They arrived in a gigantic circular room, ringed halfway up by a flimsy white balcony and a row of lime-sealed windows that turned the sunlight a sickly green. The Blackwoods, Fosters, and Henry Van Den Burg were already seated behind the prosecutor’s bench. Holmes, Watson, and Shekhar were clustered on the defense’s side. Burts and Cromwell stood between the two groups, talking two a wiry, bespectacled barrister. All three were shooting Holmes increasingly dubious looks. A full squad of policemen were lined against the far wall, and Farrier was at the head, watching Holmes like a hunting hound. Roberts stood beside him, but he was decent enough to flash Pippa a microscopic smile, and bobbed his head towards his boss as if to say, ‘Well, what can you do?’

“That’s Streeter, the prosecutor,” Joshua said, pointing at the barrister. “Not the worst bloke they could’ve given you, but nobody to get chummy with neither.” He pulled her towards one of the benches. “Here, we oughta get a spot quick, before the rest of the circus rolls in.”

Before they could move, however, there was a rumbling sound from the hall, and the bailiff opened the great oak doors for the mob. The courtroom quickly filled with sound and bodies, but Pippa caught a glimpse of Folley’s orange dress and rushed towards her.

“Aunt Folley!” she called. “Uncle Oliver!”

Folley raised her head but did not spot her. Oliver did not even twitch, instead staring so fixedly at the floor you would have thought his nose were tied to it. After a moment, Folley held him closer and did the same, and the crowd swallowed them up again.
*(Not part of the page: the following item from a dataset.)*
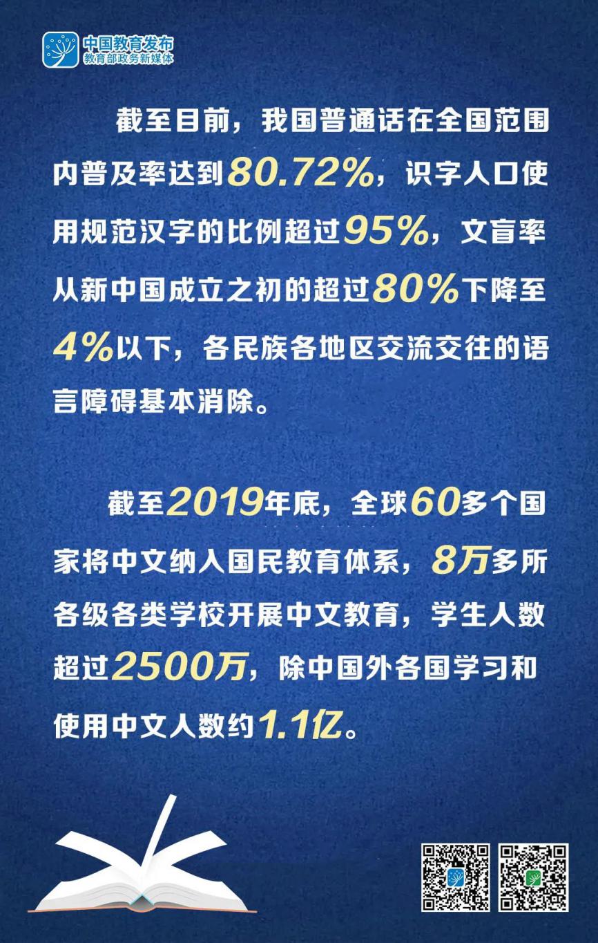 新中国成立以来,我国语言文字事业蓬勃发展,极大地促进了国家经济建设和教育、科技、文化等社会事业发展,为维护国家统一和民族团结、提高国民素质和社会文明程度发挥了不可替代的重要作用。截至目前,我国普通话在全国范围内普及率达到80.72%,识字人口使用规范汉字的比例超过95%,文盲率从新中国成立之初的超过80%下降至4%以下,各民族各地区交流交往的语言障碍基本消除。

A high little voice hung in the air, and though it was so muffled Pippa couldn’t make out any words, she knew it was Kate. She circled the center knot around Folley and Oliver like a shark, scanning the fringes for her young cousins. Finally she spotted them, mere paces away, just as Kate broke free of Lacey’s grip, climbed onto the back of a bench, and spread her arms as if about to take flight.

“PAPA, PLEASE!”

A pocket opened up between them, and when Oliver turned to face her, Kate leaped into his arms. He held her stiffly at first, surprised. Then he fell to his knees, cradling his child so tightly it was as though he was pushing his own heart back into his chest. Folley too fell into the embrace, and an anguished howl went up from the trio.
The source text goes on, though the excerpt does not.